Currency Market Analysis
Oct 13, 2015 | Currency Market Analysis
Fresh evidence of deteriorating global growth weighed broadly on markets and kept America’s dollar on an overall subdued footing. Chinese imports plunged more than 20 percent, British inflation fell below zero, matching lows hit in April that were the lowest since the 1960s. German investor morale darkened for the seventh time in as many months, hitting one-year lows. The recently higher flying Aussie, kiwi and loonie tumbled from multi-week highs on China’s fresh signs of trouble. A big U.K. brewery deal fanned a happy hour rally for sterling which was abruptly halted after British inflation unexpectedly turned negative. Though on a mixed to weaker footing, the U.S. currency found a negative catalyst in the new signs of global economic duress which risks a further postponement in the Federal Reserve raising borrowing rates.
The latest trade news from China was mixed but markets focused on the bad: A massive 20.4 percent plunge in imports in September. China’s $60.3 billion trade surprise widened a notch while the 3.7 percent fall in exports marked an improvement from August. On balance, the data pointed to consumers in China turning more frugal which bodes poorly for growth in the world’s No. 2 economy. The Aussie, kiwi and loonie fell in response to China’s grim import data which offered concrete signs of weaker Chinese demand for their resource exports.

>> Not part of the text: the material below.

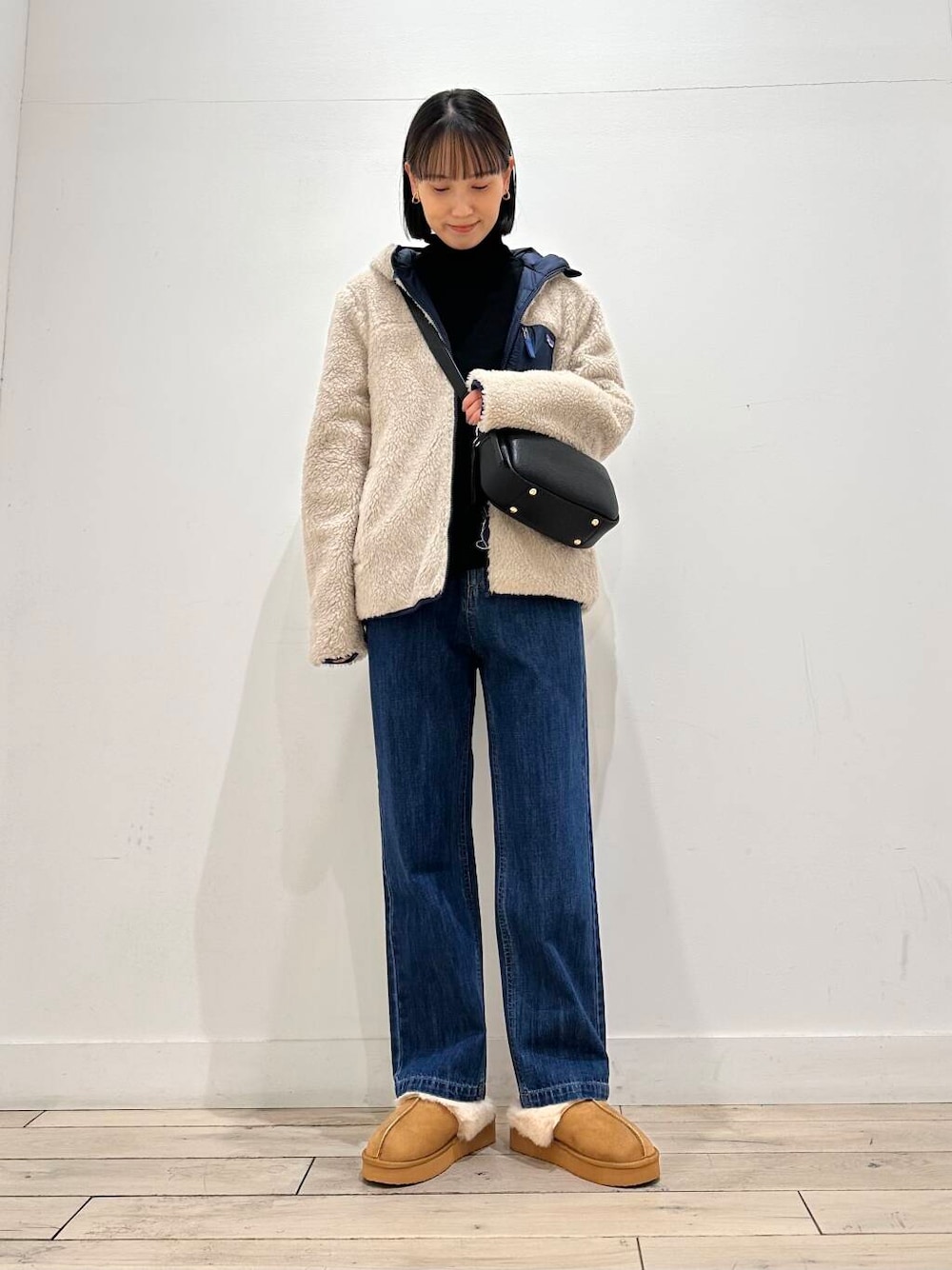 ボアを表にすると中がつるっとしているキルト面になるので、インナーがニットになってももたつくことなく羽織っていただけます👍

Sterling’s happy hour rally spurred by Anheuser-Busch InBev’s deal to buy SABMiller for £69 billion ended soon after it started, eclipsed by alarming news on U.K. inflation. Sterling tumbled nearly two cents from three-week highs after inflation unexpectedly fell 0.1 percent in September which matched all-time lows dating to the 1960s hit in April. The lack of inflation and risk of economy-strangling deflation was the latest sign of weakness in Europe’s No. 3 economy, dealing a blow to U.K. rate hike expectations, and weighing on the pound.
The euro notched new three-week highs against the dollar as worries about global growth shifted the so-called carry trade into reverse. The euro struggled to build on its gain though after Germany’s influential ZEW survey of investor confidence darkened for the seventh month running in October, fall to 1.9 from 12.1 in September, hit by the crises embroiling emerging economies and Volkswagen.
New signs of global weakness weighed on the loonie which descended from ten-week highs against its U.S. counterpart. Caution also lurked ahead of Canada’s national election on Oct. 19 and the next meeting of the Bank of Canada two days later. Next week also brings key news on the Canadian consumer with retail spending on Thursday and inflation on Oct. 23.
The dollar was mixed, enjoying selective strength against peers with the closest ties to China like the Aussie, kiwi and loonie. The dollar maintained a subdued overall tone as global uncertainty loomed as a roadblock to a Fed rate hike.